Early this year, I was commissioned to write a profile on Kane Williamson ahead of New Zealand's tour to England. The brief was to try to discover the man under the helmet; to tease out the aspects of his personality that allowed him to bat with such poise and serenity while compiling a record that will, in all likelihood, surpass the efforts of any other New Zealander.
By the end of the exercise it had become obvious that personality - maybe the suppression of personality would be a more accurate way of presenting it as Williamson has become a poster-child for those who don't get too high on success and too low on failure- was only one part of the jigsaw. Just as important to his success was where he was brought up, how he was brought up and his technical adroitness.
None of those pillars are quite as sexy as personality. We all love the idea that, with a smidgen of natural talent, we can all will our way to the top through drive and tenacity.
The story of Don Bradman, developing impeccable eye-hand coordination by relentlessly practicing with a golf ball and a single stump against a water tank will always carry more resonance than dad giving a heap of throw-downs in the nets. David Warner making it big from the wrong side of the tracks in Sydney, or Javed Miandad in Karachi, is a juicier narrative than Williamson rising from middle-class idyll in Tauranga, with twin brother Logan as a permanent playmate and parents, Brett and Sandra, who gave him every chance and all the (positive) encouragement to succeed.
That is possibly why, on a global scale, Williamson's burgeoning brilliance has remained under the radar. After a strangely muted World Cup - with a single exclamation mark against Australia at Eden Park the exception - this tour of England has been a coming out party for the 24-year-old right-hander.
A wonderful test century at Lord's, which should have been the catalyst for victory but instead became the only one of his 10 centuries to come in a losing effort, turned out to be an entrée for an astonishing ODI series.
Scores of 45, 93, 118 and 90 add up to 346 runs in just 314 balls with barely an ugly swipe among them. He has the opportunity to add to that tally in tonight's final ODI at Chester-le-Street.
There's a stat that puts Williamson's deeds in an even better light.
Of the New Zealanders to score more than 10 international centuries (there are not many of them), Williamson had the greatest ratio of innings to centuries in both test and ODIs, which demonstrates his class and ability to adapt.
To be fair to Ross Taylor, his numbers are exceptional, too, but he is smack-bang in the middle of his peak years, while Williamson is still, if conventional wisdom is anything to go by, three years from entering his.
Williamson would not have the slightest clue about this. He has no idea what his Cricinfo Statsguru page looks like. He refuses to let his career be driven by stats, even if he starts knocking down records all over the show.
"There has been success and failure and there'll be plenty more of both," he told Cricket Monthly. "You can't hold on to success for too long or hold on to failure. You've got to let both go.
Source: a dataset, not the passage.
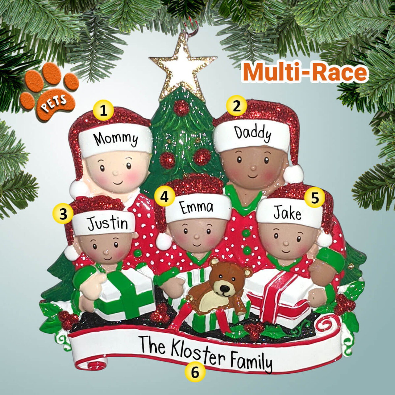 Personalized Opening Gifts Mixed Race Family - 5 Christmas Ornament
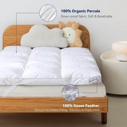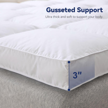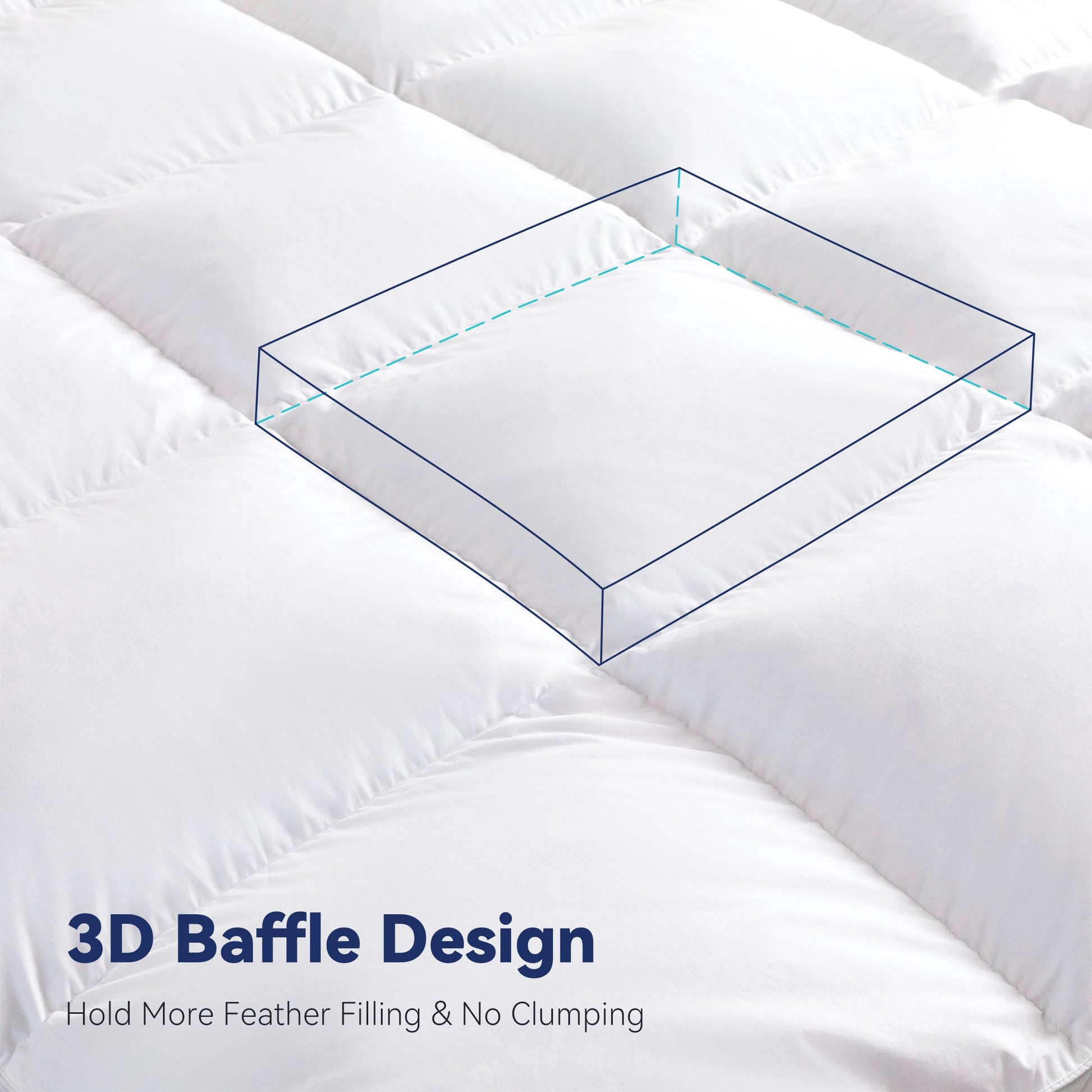 - 【Extra Thick】3” ultra thick mattress topper conforms to your body curves, especially your shoulder, back and hip. Adapt to different sleeping positions. Rejuvenate and prolong the lifespan of your old mattress. Goose feather fill with RDS certified provides soft support when you lie on the mattress topper.

It's easy to fall into the trap of getting a hundred and it felt good so you want and expect more, or you fail and you don't know why and you fall into a trap.
"You want success too badly. Sometimes you have to accept you're going to have both and neither will last forever. Let them come and go."
While cricket may sometimes be dismissively described as an individual sport in a team context, for Williamson "team" is everything. He says it with such earnestness it is impossible not to be swayed by his conviction.
"[Individual records are] not why I play," he says. "Playing for the team situation is the most important thing, contributing to the team. That's for me what makes the game so much more enjoyable. You can enjoy others' success much more when you do play for these reasons.
"Sorry, there's no right or wrong reasons, but that's why I play the game that way as opposed to judging yourself on a knife-edge every day based on [stats]."
That selection knife-edge has now been blunted to the point where it is inconceivable that New Zealand would send out a side in whites or colours without Williamson at No 3.
In Williamson and Taylor, New Zealand have their best ever No 3-4 combination, surpassing the Jones-Crowe combination that underpinned New Zealand's efforts through the late-80s and early-90s.
Crowe, the man considered by most to be New Zealand's greatest batsman, has anointed him as his successor to that title, but according to Doug Bracewell, who grew up in Tauranga playing with and against Williamson, he does not need this sort of external motivation.
"I remember bowling to him once and just thinking, 'Jesus, how good is this kid?' We were in all the age-group tournaments together and we had an annual tournament that we went to every year. I reckon he went two or three years without being dismissed. The only time he wasn't batting was when they retired him," Bracewell told the magazine. "He wasn't like other kids. They played for fun but Kane played for a different reason - he played to succeed. That was how he had fun."
And right there we might have the continuing essence of Williamson's success. He clearly has talent (although he does not see himself as exceptionally talented), he clearly had a great upbringing in a supportive, sports-mad family and he clearly has a personality built to combat the highs and lows that high-performance sport can throw at you.
But perhaps the truly important thing is that, for him, scoring runs has always been a hell of a lot of fun. As long as that continues, there should be plenty more of them to come.